*** Opening DATASET RECORDS ***

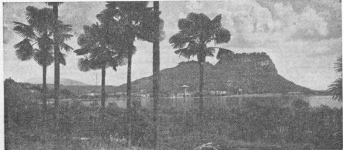
Ob ledeniskem jezeru Lago di GarJa rasto palme, olive in ciprese...

Hoteli ob jezeru, vsaj v Gardi sami, so zgrajeni za poletni čas. To smo ob hladnem vremenu počeno občutili. Toda čemu bi gradili stavbe z močno toplotno izolacijo, če pozimi ni gostov? Nisem videl hotela, ki bi bil bolj luksuzen od naših, zlasti po ureditvi gostinskih prostorov. Pač pa imajo vse sobe tuše, bideje in za Italijo neizogibne balkone. Italijani so mojstri v ure-
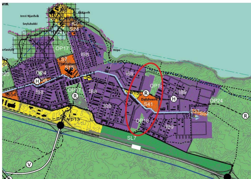
Mynd 7. Tillaga að breytingu á aðalskipulagi Reykjavíkur:
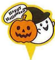
③-C ハロウィンピック ハロウィンフランス サイズ 33×31 入数 100枚/束
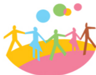
익산시정신보건센터 Iksan Mental Health Center

“익산시정신보건센터 홈페이지와 새로운 로고가 탄생되었어요. 앞으로도 많은 관심과 사랑 부탁드립니다~”
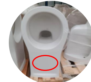
Sans trou d'abattant
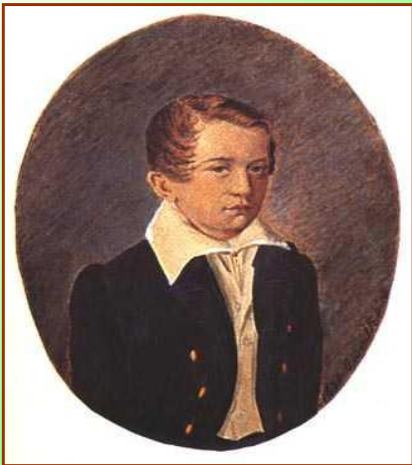
Тургенев в возрасте 12 лет. 1830 год

В 1833 г. 15-летний Тургенев (такой возраст студентов, при тогдашних невысоких требованиях, был явлением обычным) поступил на словесный факультет Московского университета. Год спустя, из-за поступившего в гвардейскую артиллерию старшего брата, семья переехала в Санкт-Петербург, и Тургенев тогда же перешел в Петербургский университет
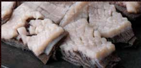
센마이(천엽) (제 3 위장)
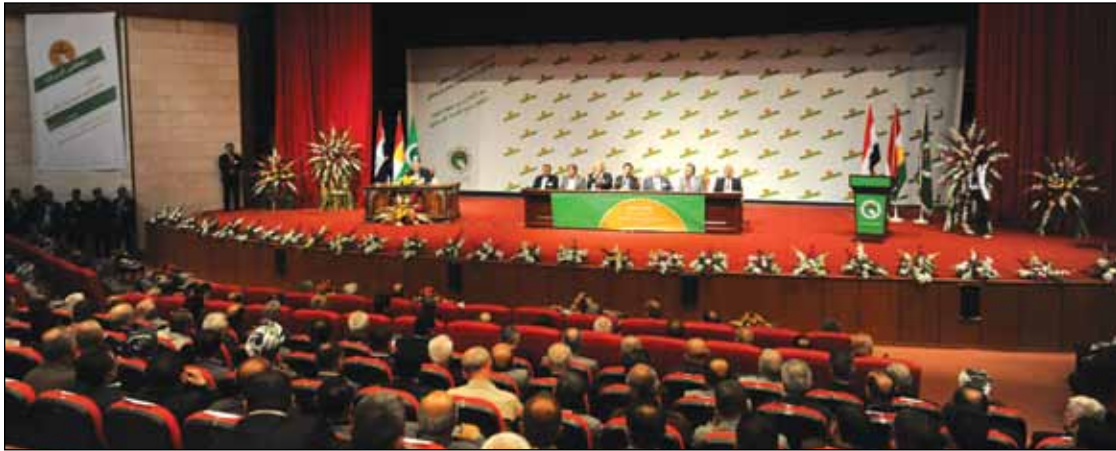
رۆژی پینجشممه کۆنگره کۆتایی به‌کاره‌کانی دیت.

کۆنگره‌ی سییه‌می یه‌کیتی نیشتمانی کوردستان هه‌نگاو به‌ره‌و رۆژه‌کانی کۆتایی ده‌نیت، به‌لام چه‌ند بۆچوونیککی جیاواز کیشه‌ی له‌نیو با‌له‌کانی نیو کۆنگره‌ دوس‌تکردوه‌، بۆچوونیککی ده‌سته‌جهمعی بۆ هه‌یشتنه‌وه‌ی ژماره‌یه‌ک ئەندام مه‌کته‌بی سیاسی له‌ئارادایه‌و بۆچوونیککیش به‌توندی دژی ئەوه ده‌وه‌ستنه‌وه.
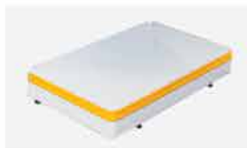
Podium Ponta de Gôndola Super Plus/Luxo
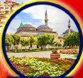
พิพิธภัณฑ์มัสลาม
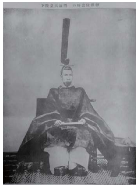
「御即位当時の明治天皇陛下」(『御大葬写真集』大正元年発行)
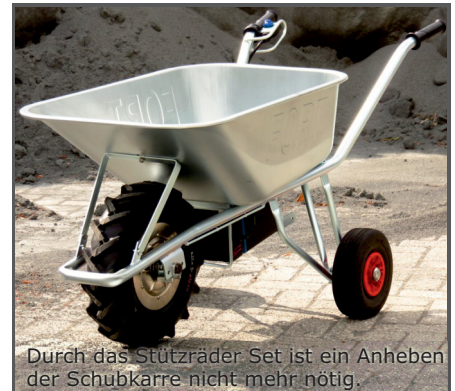
Durch das Stützräder Set ist ein Anheben der Schubkarre nicht mehr nötig.
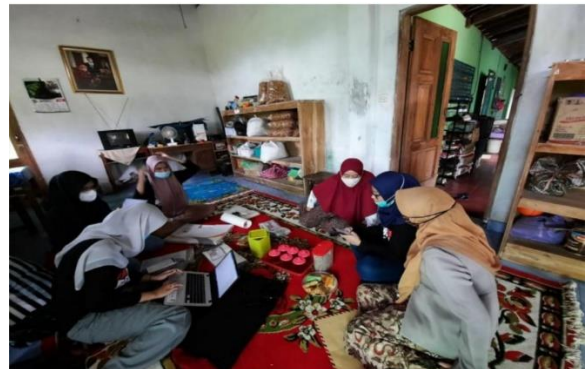
Gambar 2 dan 3 Pembuatan Marketplace Shopee dan Instagram
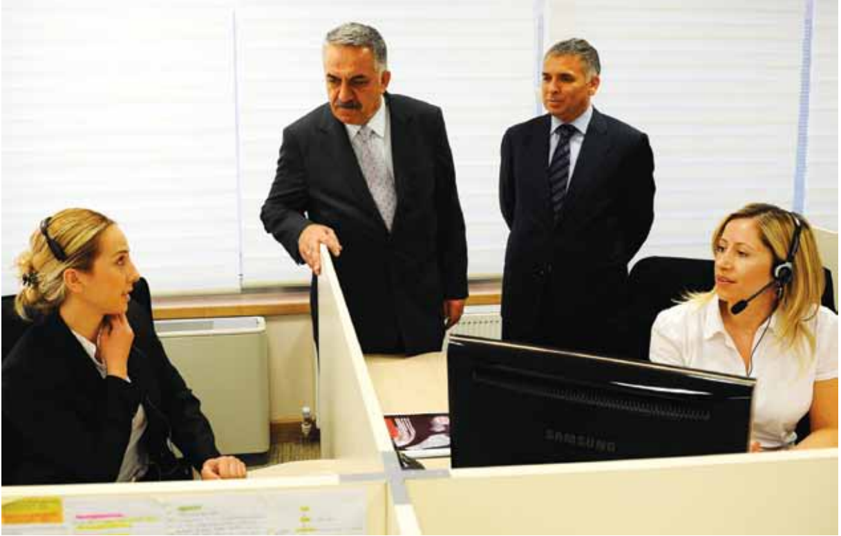
Devlet Bakanımız Sayın Hayati Yazıcı'nın Çağrı Merkezimizi Ziyareti

Yoksullukla mücadele kapsamında fakir ve muhtaç vatandaşlarımızın güçlendirilmesi ve bilgiye ve yardıma erişim fırsatlarının artırılması amacıyla Genel Müdürlüğümüz tarafından hayata geçirilen Alo 144 Sosyal Yardım Hattı, Avrupa Birliği'nin (AB) 2010 Yılı Türkiye İlerleme Raporu'nda yer aldı.

*** Closing DATASET RECORDS ***

* **PROMPT**:
Could you write out exactly the lines of the data above that run from the one holding "Gambar 2 dan" to the one holding "Devlet Bakanımız Sayın", with both ends in and all pictures out?

* **ANSWER SECTION**:
Gambar 2 dan 3 Pembuatan Marketplace Shopee dan Instagram
Devlet Bakanımız Sayın Hayati Yazıcı'nın Çağrı Merkezimizi Ziyareti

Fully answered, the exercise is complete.